Tuesday, May 12, 2009

10 Reasons Trade Compliance Programs Are Unnecessary

Posted on 4:13 PM by Unknown
Today's guest post is by Rick Miller, director of trade compliance recruitment at Tyler Search Consultants. Rick is a licensed customs broker and served as director of trade compliance for several large companies before joining Tyler Search. Rick can be reached at rmiller@tylersearch.com.

10 Reasons Trade Compliance Programs Are Unnecessary

Companies of all sizes in all industries struggle with trade compliance programs and the trade compliance role. There are many reasons why a compliance program is controversial. Here are the top 10 reasons why a trade compliance program is truly an unnecessary waste of resources:

1. Trade compliance is a cost center with no financial benefit to the company.
Except for avoiding audits, penalties and border delays. Except for avoiding duty under special programs such as the North American Free Trade Agreement, the Central America Free Trade Agreement, the Generalized System of Preferences. Except for tariff engineering, broker management, supplier management.

2. Classification is easy.
Anyone can do it - just pick the lowest duty rate and let Customs tell us if we're wrong. Until Customs catches you and sends you a bill for the duty (plus interest) for all entries made over the last five years. And don't forget the penalty that's sure to follow.

3. Shipments to and from Canada and Mexico are not really imports/exports.
Tell that to U.S. Customs. Canada and Mexico may be our biggest trading partners, but they have their own customs services to deal with. And, oh yeah, those folks at Commerce may require an export license.

4. Any product purchased in the U.S. is U.S.-origin.
The trade deficit must come from somewhere ... make sure you ask before you assume. Get it in writing and then ask again.

5. Any U.S.-origin product is NAFTA-eligible.
Unless you are audited, of course. The NAFTA rules of origin are complex and vary tremendously depending on the item. The value of U.S. components may or may not have anything to do with eligibility - even with 99 percent U.S. components. When importing under NAFTA, every compliance professional needs to verify the supplier's certificate of origin. Ask and ask again.

6. We have been doing business for years without worrying about Customs.
Ever notice that all the big penalty cases in the news are for companies that have been around for a while?

7. Our customs brokers and freight forwarders are responsible for compliance.
Importers of record for imports and U.S. principal parties of interest for exports are on the hook not the broker or forwarder - period! Ever look at the liability limitations on your broker and/or forwarder agreements?

8. We need to make exceptions for big customers or we'll lose the business.
So if I walk past the bank every day on my way to work and only rob it once, the judge will let me off the hook because I was good most of the time? Where is my duffle bag?

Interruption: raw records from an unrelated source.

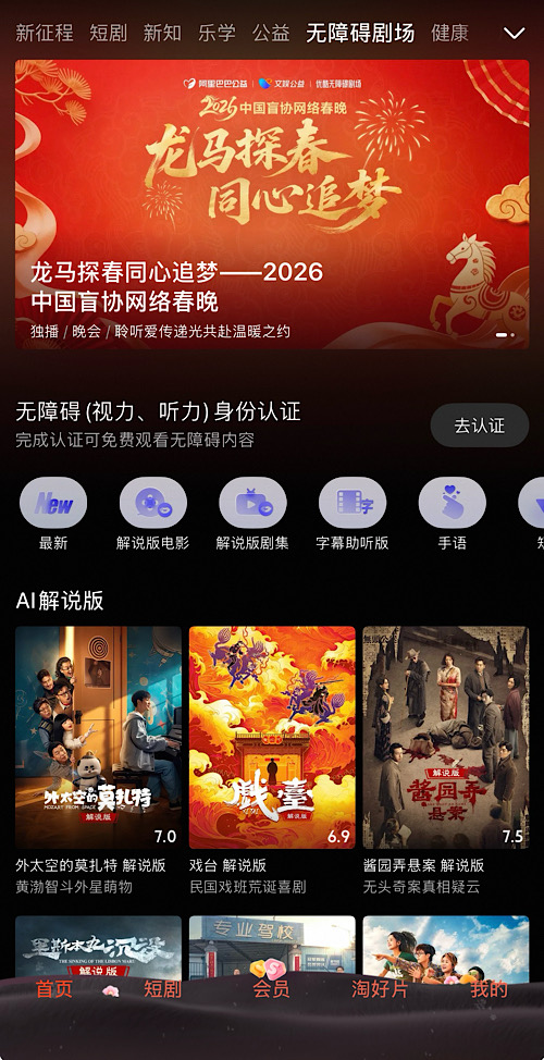 2026中國(guó)盲協(xié)網(wǎng)絡(luò)春晚登錄優(yōu)酷 首次實(shí)現(xiàn)“影像直播+無(wú)障礙觀演”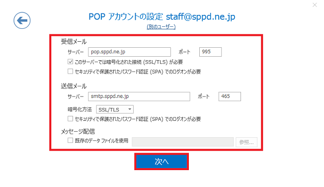 [POPアカウントの設定]画面が表示されるので、以下を参考に各項目を入力し、「次へ」をクリックします。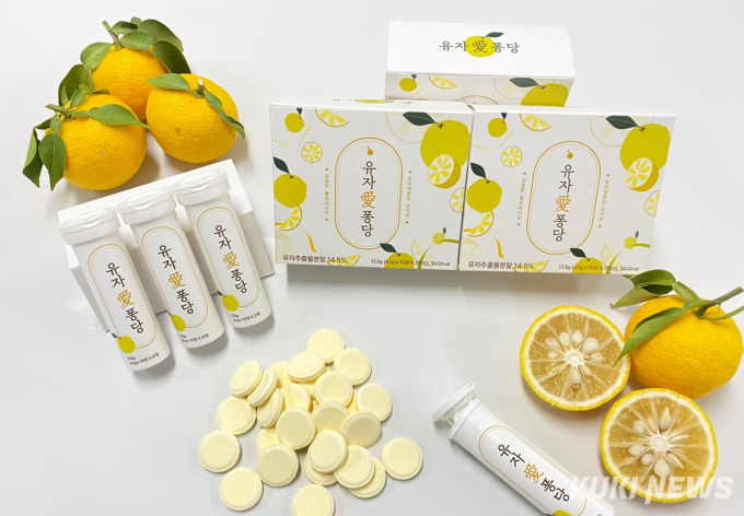 이번 시제품은 유자 분말을 알약 형태 크기로 만든 제품으로 찬물에 녹여 마시는 발포음료 유형이다. 특히 독립적인 소포장으로 돼 있어 소비자가 섭취량을 조절하기 쉽고, 휴대성이 아주 편리한 특징을 가지고 있다.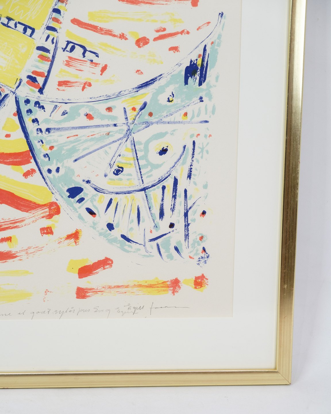 Dette litografi er skabt af Egil Jacobsen, en anerkendt dansk kunstner, der er kendt for sine farverige og ekspressive værker. Motivet er karakteristisk for hans stil med levende farver og abstrakte former, som balancerer mellem spontanitet og kontrol. Litografiet er indrammet i en elegant guldramme, der fremhæver værkets udtryk. Dette kunstværk er et smukt eksempel på moderne dansk kunst og passer godt ind i både klassiske og moderne indretninger.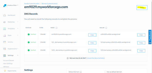 - Click on the Domain Name and click on Verify.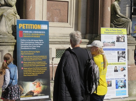 一位听过真相的英国老太太,时不时走过来,给学员买水喝。当学员问她是否要在征签表上签名时,她说:“哎呀,我走了这么多趟,都忘了签名了。”她表示很高兴看到有人为此(阻止活摘)而付出努力并且坚持,虽然这种罪行在发生,但是很多人视而不见。她希望自己的签名能够起到作用。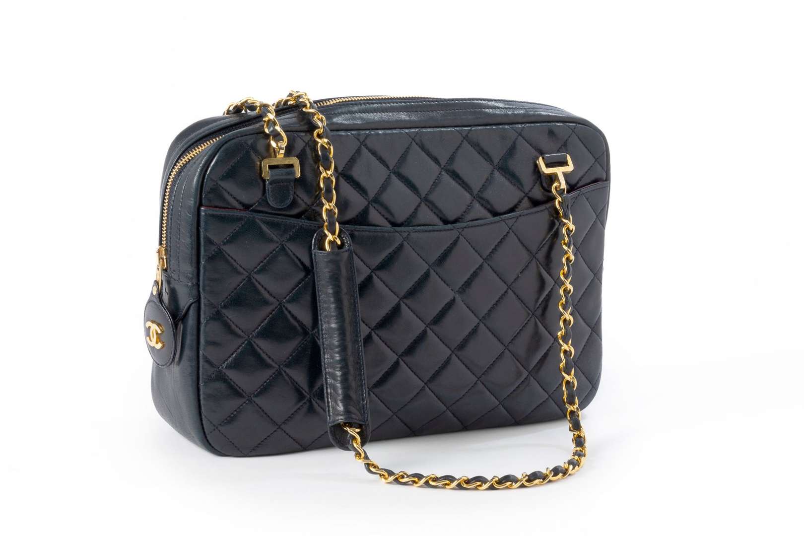 Sac vintage en cuir matelassé bleu marine, double anse-chaine et garniture en métal doré. Deux poches plaquées extérieur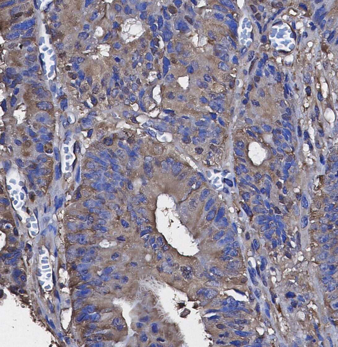 • Immunohistochemical analysis of formalin fixed paraffin embedded human Colorectal Cancer tissue with F1123 at 1/100 dilution.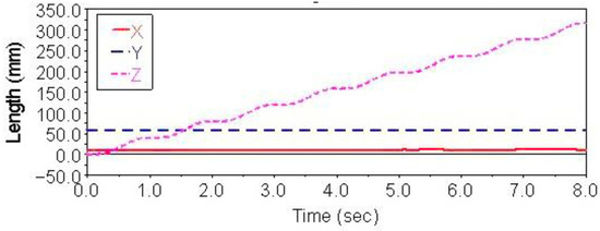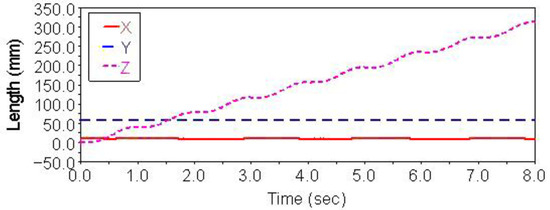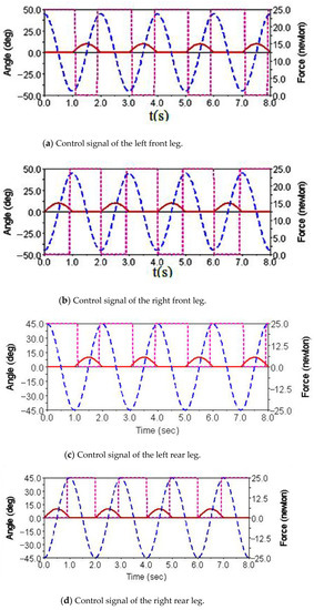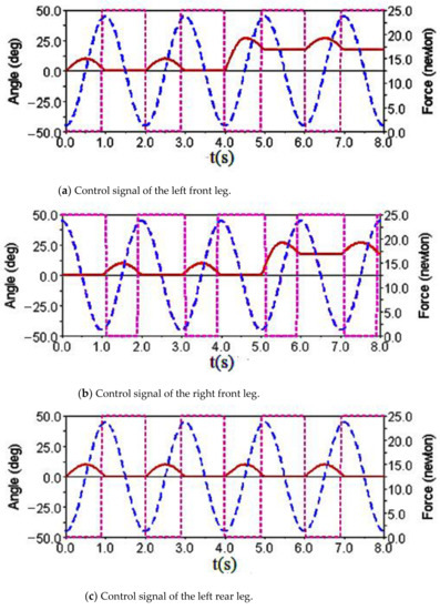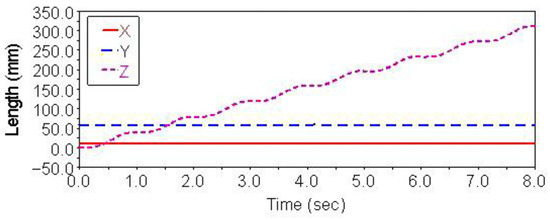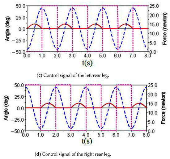 Gait simulation was carried out in the automatic dynamic analysis of the mechanical systems (ADAMS) environment. The control signals of each foot are shown in Figure 4. It can be seen from this Figure that the left forefoot was moved in the same phase as the right hind foot, and the right front foot moved in the same phase as the left hind foot. The ipsilateral forefoot and hindfoot phases differed by half a period. , and are indicated by the red solid line, the blue dashed line and the purple dashed line, respectively. The displacement curve of the robot’s center of mass on the X, Y and Z axes is shown in Figure 5. The displacements in the X, Y and Z directions are indicated by the red solid line, the blue dashed line and the purple dashed line, respectively. It can be seen from the Figure that the displacement in the Z direction was the largest, because the robot moved in a vertical direction. The displacement in the Y direction was zero, because there was no motion in the Y direction, and the displacement in the X direction was almost zero, because there was also no motion in the X direction. The very small displacement change in the X direction was due to a motion error caused by slipping and other factors. The diagonal gait adopted in straight walking is shown in Figure 6. It can be seen from the Figure that a better movement effect was achieved by the planned gait.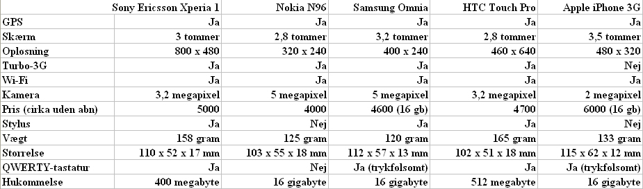 Til gengæld har du så også mulighed for at rende rundt med et lækkert mobilmonster fyldt med muligheder. Vi har kigget nærmere på fem smartphones, der er proppet med funktioner. Se dem på de næste sider.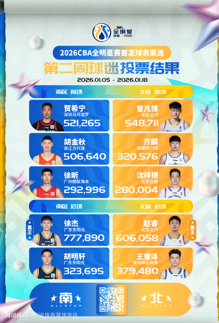 2026-01-19 12:40北京时间1月19日,CBA公司公布今年全明星的第二周球迷投票结果,南区首发为贺希宁、胡金秋、徐昕、徐杰和胡明轩;北区首发为曾凡博、齐麟、沈梓捷、赵睿和王睿泽。徐杰依然是南区票王+总票王,北区票王仍然是赵睿。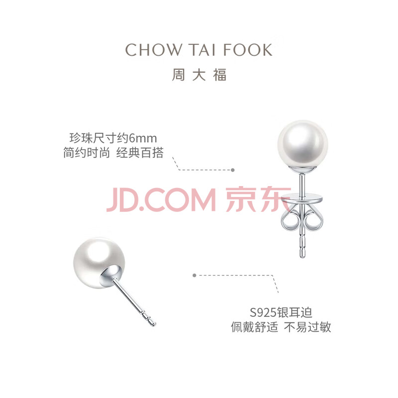 商品相册:周大福简约时尚 925银镶珍珠耳钉 AQ32849 直径约5.95mm生日礼物第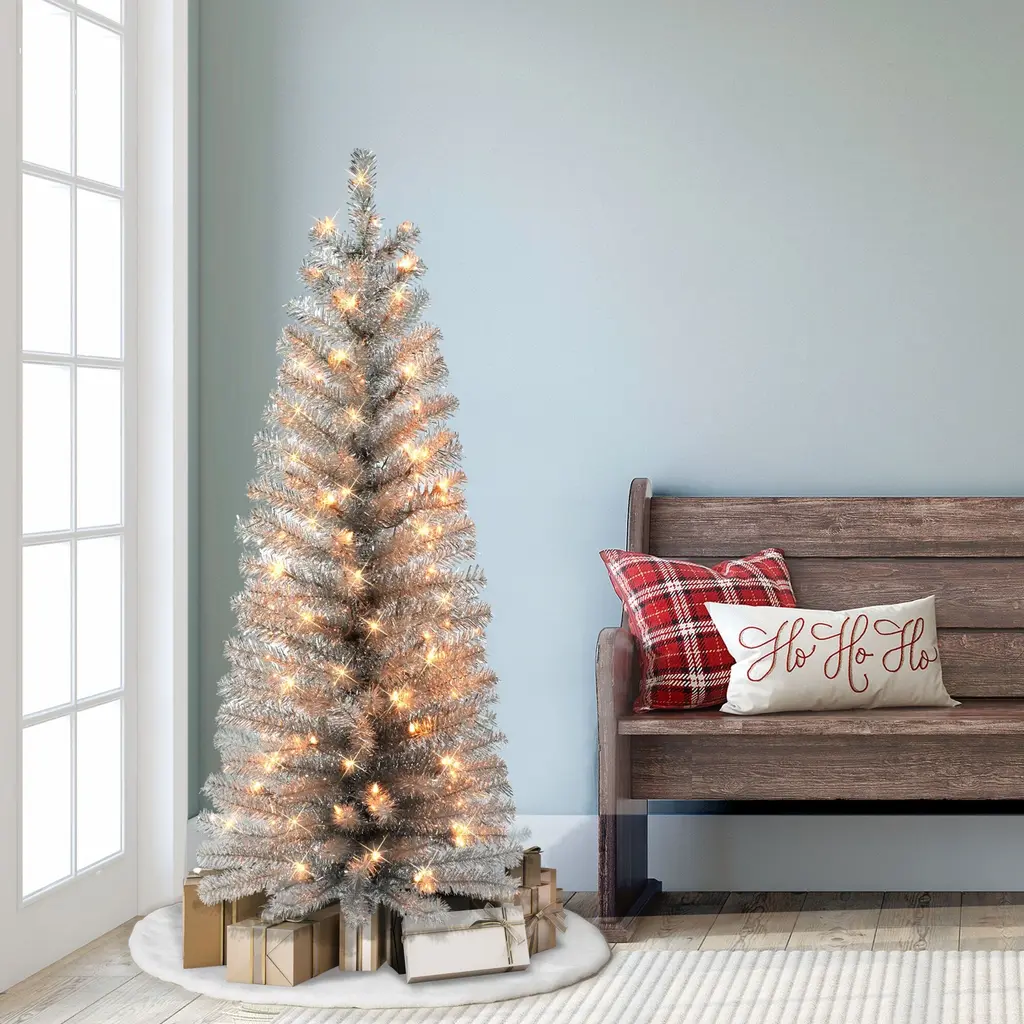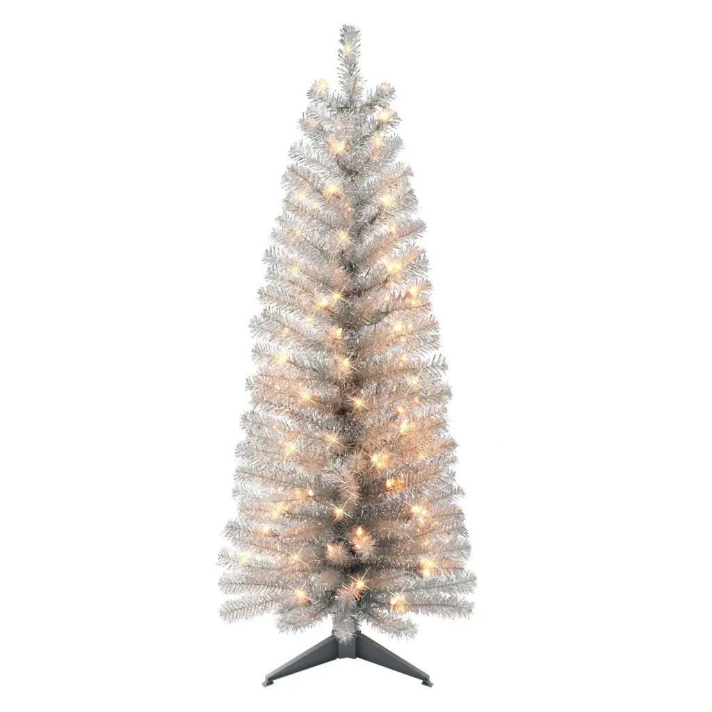 4.5' Pre-Lit Silver Tinsel Slim Artificial Christmas Tree, Clear Lights - 4.5 Foot - Silver - 4.5 Foot

9. C-TPAT is not mandatory, so we aren't spending any money or dedicating any resources to it.
Sure it is not mandatory, but don't come crying to trade compliance when the borders tighten up and your non-C-TPAT shipments are delayed while all C-TPAT importers are given a priority.

10. Compliance slows deliveries.
Noncompliant importers will face many more inspections and delays, especially after Customs finds the first problem. Due to limited resources, Customs targets the bad guys. Even compliant importers face delays, but if Customs already knows your company has a trade compliance program, they are more likely to work with you.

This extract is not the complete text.